Щеглы искрят, стрекозы мечут пламя
Щеглы искрят, стрекозы мечут пламя;
В ущелье — камня раздается крик;
Колокола хотят, чтоб за язык
Тянули их, — зовя колоколами;


Всяк просит имени и роли в драме,
Красуясь напоказ и напрямик,
И, как разносчик или зеленщик,
Кричит: вот я! вот мой товар пред вами!


Но тот, на ком особый знак Творца,
Молчит; ему не нужно очевидца,
Чтоб быть собой; он ясен до конца:


Христос играет в нем и веселится.
И проступают вдруг черты Отца
Сквозь дни земные и людские лица.


Гавань
Монахиня принимает постриг
Мои глаза глядят
В тот край, где зной не жжет,
Где не сечет лица граненный град,
Где Божий крин цветет.


Хочу уйти туда,
Где тихая лазурь
И в гавани зеленая вода
Не помнит бесов бурь.


Фонарь на дороге
Бывает, ночью привлечет наш взгляд
Фонарь, проплывший по дороге мимо,
И думаешь: какого пилигрима
Обет иль долг в такую тьму манят?


Так проплывают люди — целый ряд
Волшебных лиц — безмолвной пантомимой,
Расплескивая свет неповторимый,
Пока их смерть и даль не поглотят.


Смерть или даль их поглощают. Тщетно
Я вглядываюсь в мглу и ветер. С глаз
Долой, из сердца вон. Роптать — запретно.


Христос о них печется каждый час,
Как страж, вослед ступает незаметно —
Их друг, их выкуп, милосердный Спас.


Свеча в окне
Я вижу, проходя, свечу в окне,
Как путник — свет костра в безлюдной чаще;
И спиц кружащихся узор дрожащий
Плывет в глазах, и думается мне:


Кто и какой заботой в тишине
Так долго занят, допоздна не спящий?
Он трудится, конечно, к славе вящей
Всевышнего, с благими наравне.


Вернись к себе. Раздуй огонь усталый.
Свечу затепли в сердце. Холодна
Ночь за окном. Теперь начнем, пожалуй.


Кого учить?
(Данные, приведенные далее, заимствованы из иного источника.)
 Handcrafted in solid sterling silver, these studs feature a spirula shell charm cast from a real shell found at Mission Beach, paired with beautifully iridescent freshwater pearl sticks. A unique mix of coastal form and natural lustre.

Кругом твоя вина.
Ужель не сохранишь ты горстки малой
Той ярой соли, что тебе дана?


Море и жаворонок
Вторгаются в уши два шума с обеих сторон,
Два голоса — справа, где лава морская кипит,
То с ревом штурмуя утесов прибрежных гранит,
То тихо качая луны убывающей сон, —


И слева, где с неба несется ликующий звон:
Там жаворонок, как на лебедке, взлетает в зенит
И, петлями песни с себя отрясая, гремит —
Пока, размотавшись, о землю не грянется он.
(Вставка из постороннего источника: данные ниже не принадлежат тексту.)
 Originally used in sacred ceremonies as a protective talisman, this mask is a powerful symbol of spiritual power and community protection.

Два шума, два вечных… О пошлый, пустой городок
У края залива! Погрязнув в никчемных делах
Как можно не слышать ни волн окликанья, ни птах!
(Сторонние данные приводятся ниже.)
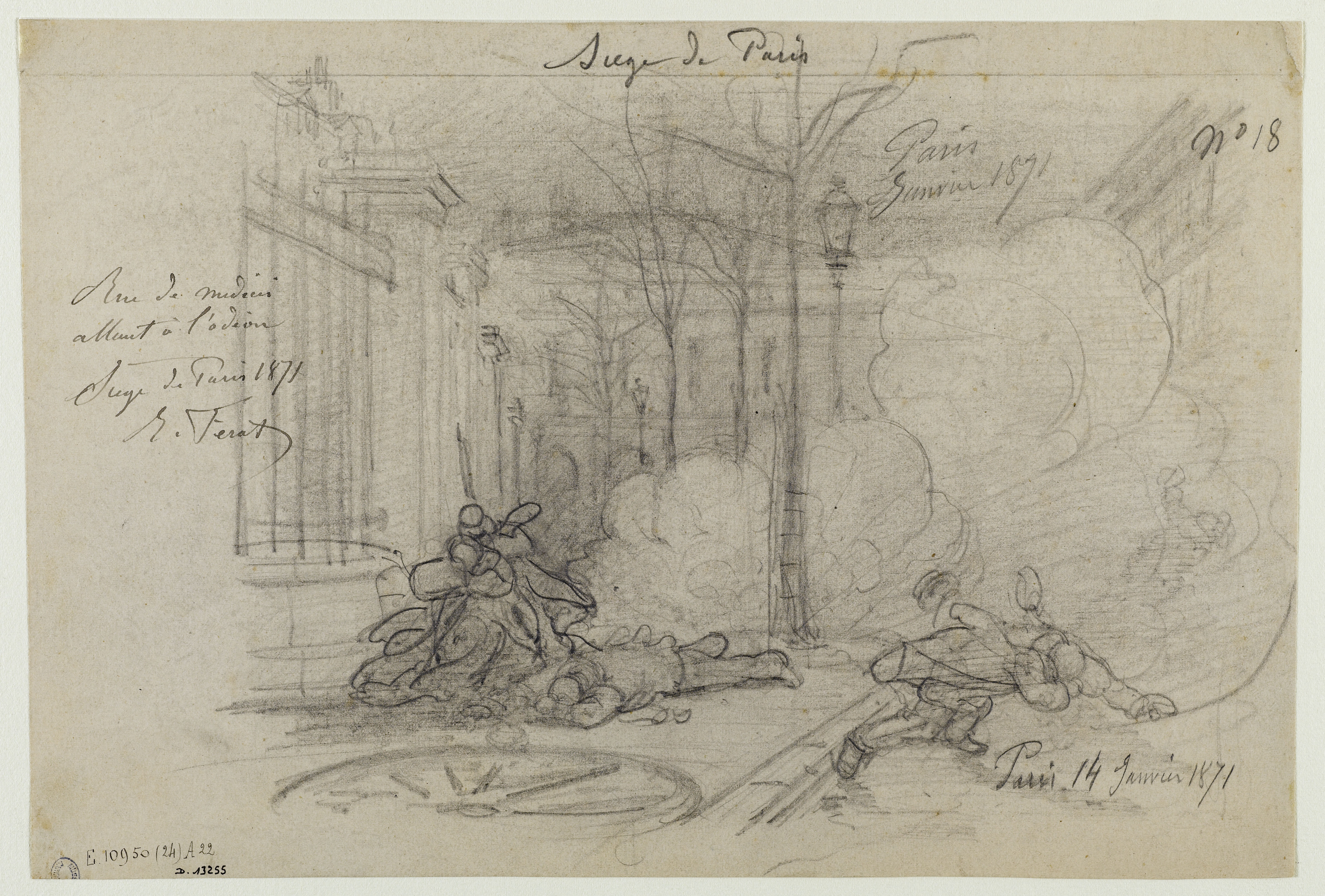 Comme vous le voyez (vous pouvez agrandir l’image en cliquant dessus), le dessinateur a titré « Siège de Paris ». Il y a un « n°18 » qui laisse penser qu’il a fait d’autres dessins sous ce titre général. Il a indiqué, à gauche, le lieu, « Rue Médicis en allant à l’Odéon », a rajouté « Siège de Paris, 1871 » et a signé. En bas à droite, il a précisé la date « 14 janvier 1871 ».

Венцы мирозданья! Над вами еще потолок
Не каплет? Сливайся, о слизь мировая, в поток,
Несущий в начальную бездну расхлябанный прах.


Весна и осень
Маленькой девочке


Маргрит, оттого ль грустна ты,
Что пустеют рощ палаты?
Что ложится, облетая,
Наземь — крона золотая?
Ах, с годами заскорузнет
Сердце — в нем ничто не хрустнет,
Если все леса на свете
На клочки развеет ветер:
Лишь заплачут очи эти.
И тогда тебе, малютка,
Станет вдруг не жалко — жутко.
Скорбный разум угадает,
Что за червь его снедает;
И заплачешь ты сильнее,
Маргрит, девочку, жалея.


Проснусь, и вижу ту же темноту
Проснусь, и вижу ту же темноту.
О, что за ночь! Какие испытанья
Ты, сердце, выдержало — и скитанья:
Когда ж рассвет? Уже невмоготу


Ждать — снова отступившую черту.
Вся жизнь — часы, дни, годы ожиданья;
Как мертвые листки, мои стенанья,
Как письма, посланные в пустоту.


На языке и в горле горечь. Боже!
Сей тленный, потный ком костей и кожи —
Сам — желчь своя, и язва, и огонь.


Скисает тесто, если кислы дрожжи;
Проклятие отверженцев все то же:
Знать лишь себя — и собственную вонь.


Падаль
Я не буду, Отчаянье, падаль, кормиться тобой,
Не расшатывать — сам — скреп своих, ни уныло тянуть
И стонать: Все, сдаюсь, не могу. Как-нибудь,
Да смогу; жизнь моя родилась не рабой.


Для чего ж ты меня тяжкой каменной давишь стопой
Без пощады? и львиную лапу мне ставишь на грудь?
И взираешь зрачком плотоядным, где жидкая муть,
И взметаешь, как прах, и кружишь в буреверти слепой?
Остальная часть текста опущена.